他們最近夜夜宿在一起,蘇錦對他有某種不可言說的占有欲,平時言聽計從的尚且看不出來,夜間黑暗,仿佛能放大心中最隱秘的欲望。蘇錦但凡睡在一處時,便會想方設法地接觸著唐青崖,最后愈演愈烈,每天不抱著睡不著了。
唐青崖對此頗有微詞,他本是想趁亂把蘇錦睡了的,結果這發展下來,倒像是蘇錦對他有企圖一般,看著覺得不成體統。
此時蘇錦困得耷下眼皮,唐青崖經過方才那一出思緒飛快,突然清醒不少。
他翻了個身,同蘇錦面對面,伸手在他唇角戳了一下:“阿錦,困了嗎?我突然睡不著了,想同你說話。”
蘇錦微蹙著眉,略有點不耐煩,但他仍舊睜了眼,認真地看向唐青崖。
對方的目光飛快地躲閃了一下,道:“我今日聽到你與顧霜遲談天,又想起之前無端說過的,你們陽明練劍修道……”

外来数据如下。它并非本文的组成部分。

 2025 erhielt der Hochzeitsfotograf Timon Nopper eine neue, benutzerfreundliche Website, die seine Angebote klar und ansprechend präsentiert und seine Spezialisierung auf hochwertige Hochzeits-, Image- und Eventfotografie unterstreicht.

蘇錦打斷他,糾正道:“我們不修道,修天地萬物而已。”
唐青崖笑了一聲:“我不懂這些虛的東西,只知道他說的一句話十分在理——你們陽明習得的,向來都是干干凈凈的功夫,你師父……會容忍你跟一個男人攪在一起嗎?于修道,是要陰陽調和;于倫常,也是男女……”
“師父已經不在,沒人管得著我。至于其他人。”蘇錦伸手捂住他的嘴,一雙眼在夜色中顯得十分明亮,“不怕他們戳脊梁骨,我喜歡你。”

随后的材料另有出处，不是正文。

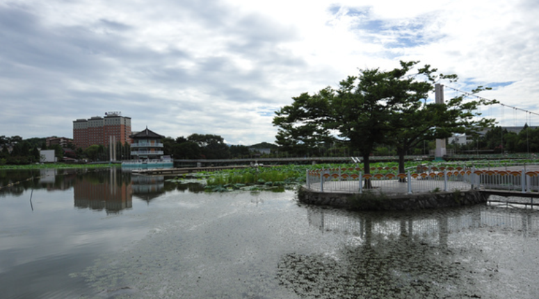 그윽히 풍기는 연못중앙으로 아치형 현수교를 거닐면서 한없는 시정에 젖어볼 수 있습니다. 1998년부터 재개장한 공원의 특색은 마운딩 시공으로 향촌의 작은 숲(언덕)을 연상케 하고, 전통 정자와 창포늪을 조성하여 역사성을 극대화하였고 또한 인공폭포와 목교를 설치하여 자연친화시설로 시민의 정서에 맞도록 조성하였으며 단오절에는 연못물로 부녀자들이 아침 일찍 머리를 감고 한해 건강을 기원하는 단오 창포물 잔치로도 유명합니다.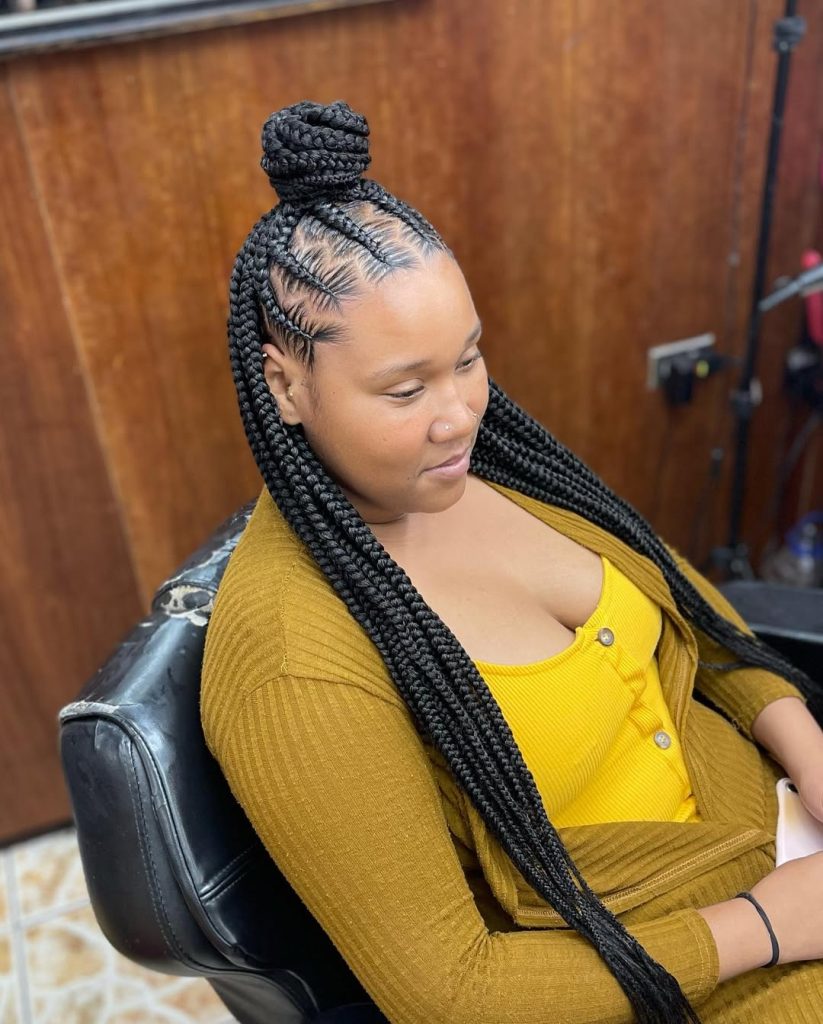 These are cheeky and classy box braids in two high buns which add an instant freshness. The appearance has a light-hearted and carefree feel and maintains the braids in a well-kept updo. It is that type of inspo that will have you feeling adventurous, particularly during colder seasons, when a burst of energy will feel reinvigorating.

他最后四個字落下,唐青崖只覺被砸得一陣頭暈眼花,仍舊意志堅定地撿回了理智,他的憂心忡忡還沒說出來,蘇錦竟然削學他上次那樣先下手為強——堵住了這人的嘴。
他來不及配合,感覺蘇錦這天像是打開了某個結界,有點發瘋。平素只是奶狗一般舔舔親親的,今天卻下了嘴,不依不饒地在他下巴和脖子上留牙印。
唐青崖沒來由地想,“噫……小狗兒長大了,咬著還有點疼。”
不似吻的啃咬順著脖頸線條一路往下,不知不覺被蘇錦完全掌握了主動。他的手自下腹探入中衣內,順著腰線不斷摩挲,唇舌之上也愈發動情,甚至不太能自控地順著他鎖骨輕輕吮出一個紅痕。
唐青崖“嘶”了一聲,攬過他的脖子。
“阿錦?”他仍舊記得那點不可不說的話,為了蘇錦,也給自己一個慰藉,“阿錦,你可想好了……此事終究為世人不容,即便不拘小節,也……我與你現在還未走到覆水難收的時候,你要后悔了,我不逼你。”

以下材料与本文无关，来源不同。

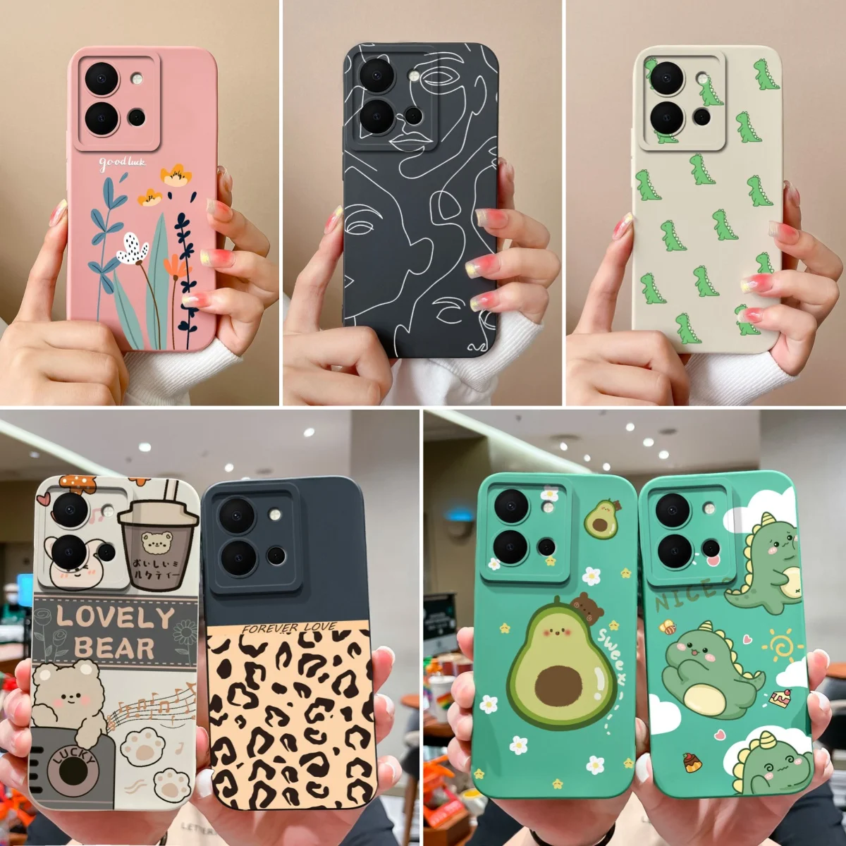 Viene en cuatro colores: negro oscuro, verde bosque, Rosa femenino y blanco cremoso. Cada color tiene un estilo diferente y un patrón de dibujos animados único, agregando un toque de diversión y personalidad a su teléfono para adaptarse a sus preferencias.

埋在胸口聽他心跳的腦袋突然停了,蘇錦直起身來,手臂撐在唐青崖腦袋兩側,居高臨下地望他,眼中含著一絲悲哀。
他中衣散亂,露出胸口大病初愈一片不健康的如玉蒼白,鎖骨分明,三千煩惱絲鋪陳開來,黑白分明,惹人情動。而蘇錦輕輕地拈起他一縷頭發。
“不。”蘇錦執拗道:“非要覆水難收才好,這樣你……你一輩子都擺不脫我了!”
唐青崖不合時宜地笑了,他的拇指拂過蘇錦嘴唇:“你還小呢,想得這么長遠,我何時不答應與你一輩子了,不要擔心。”
“青崖。”蘇錦很是低沉地喊了他一聲。
他的笑容突然凝固了,預感蘇錦接下來會說什么話。
“師兄對我說……紅塵難斷,那就牽掛著。青崖,你已經把我困在紅塵中了,怎么可以棄我于不顧?”
蘇錦的手堅定地順著他的脊骨往下,說的話愈發窩心。
“……在宣城得了黑節草和血茯苓之后,我日夜兼程地回來,擔驚受怕,唯恐再也見不到你。那些日子我無數次夢見你不在了,后來怕得每天夜里都不敢睡覺。”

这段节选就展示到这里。